Work required — Given the records below, the lines starting at the line with "Parthian Empire. Vardanes" and ending at the line with "Муниципальное автономное учреждение" should be output exactly, both end lines kept and pictures left out.

Given data —
━━━━━━━━━━
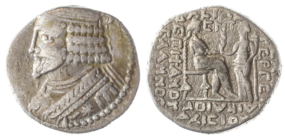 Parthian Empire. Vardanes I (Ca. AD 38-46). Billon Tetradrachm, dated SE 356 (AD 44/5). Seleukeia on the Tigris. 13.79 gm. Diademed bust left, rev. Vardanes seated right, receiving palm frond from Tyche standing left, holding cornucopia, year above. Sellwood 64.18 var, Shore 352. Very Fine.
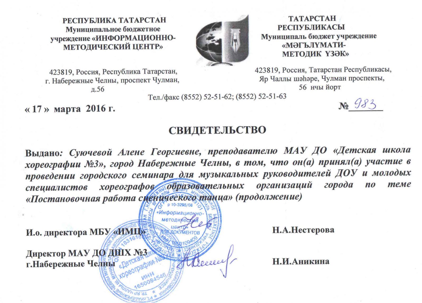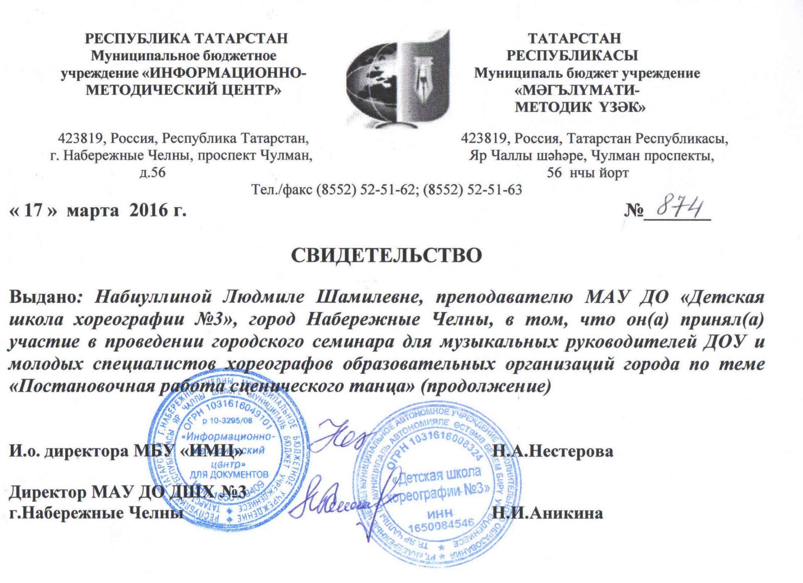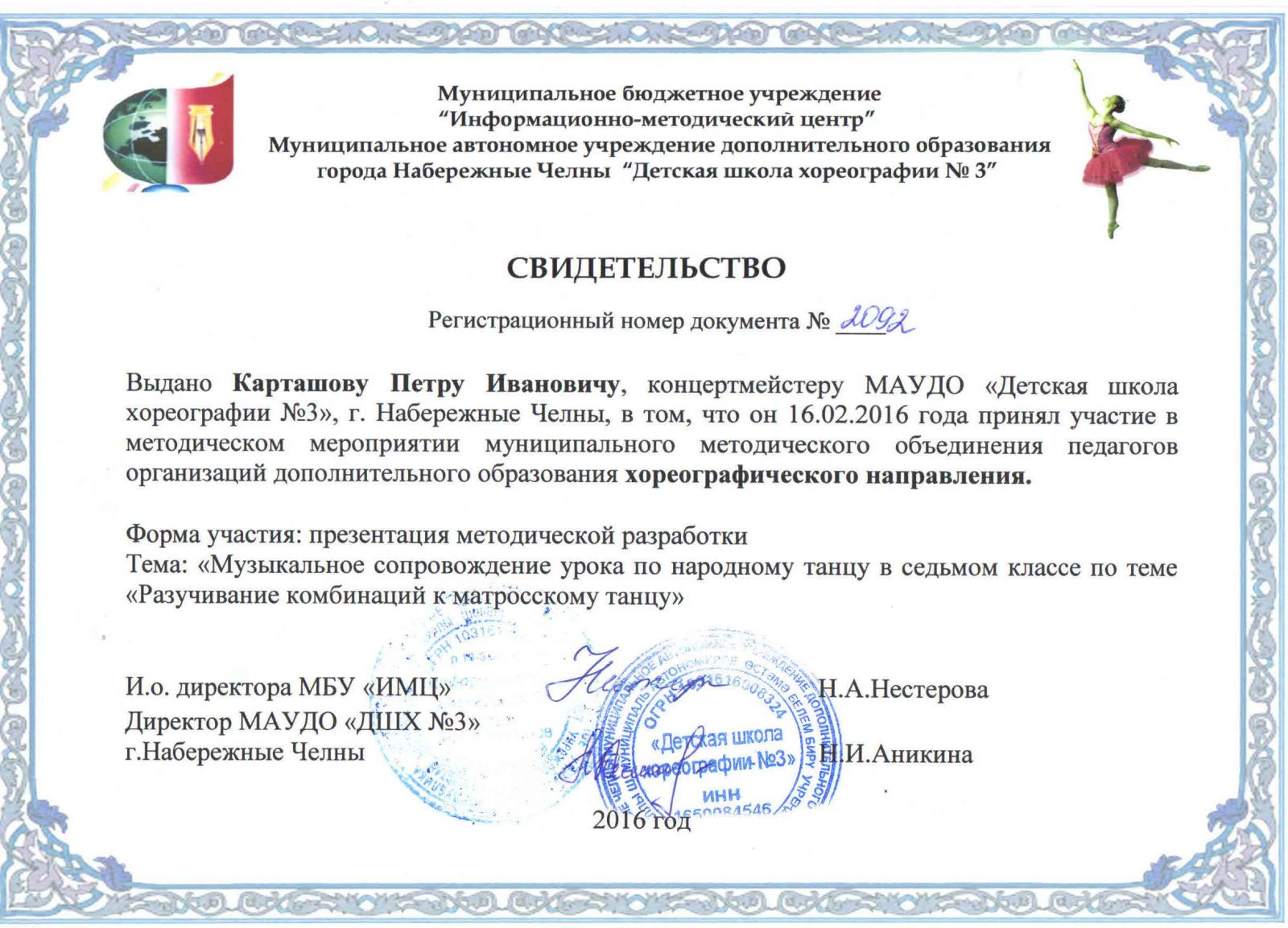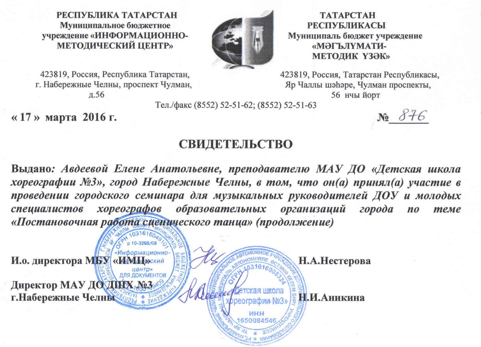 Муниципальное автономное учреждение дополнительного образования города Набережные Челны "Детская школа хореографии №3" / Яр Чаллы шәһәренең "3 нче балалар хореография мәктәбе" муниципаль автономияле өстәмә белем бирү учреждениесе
━━━━━━━━━━
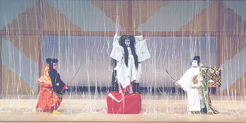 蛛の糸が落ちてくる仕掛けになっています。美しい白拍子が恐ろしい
━━━━━━━━━━
Solution —
 Parthian Empire. Vardanes I (Ca. AD 38-46). Billon Tetradrachm, dated SE 356 (AD 44/5). Seleukeia on the Tigris. 13.79 gm. Diademed bust left, rev. Vardanes seated right, receiving palm frond from Tyche standing left, holding cornucopia, year above. Sellwood 64.18 var, Shore 352. Very Fine.
 Муниципальное автономное учреждение дополнительного образования города Набережные Челны "Детская школа хореографии №3" / Яр Чаллы шәһәренең "3 нче балалар хореография мәктәбе" муниципаль автономияле өстәмә белем бирү учреждениесе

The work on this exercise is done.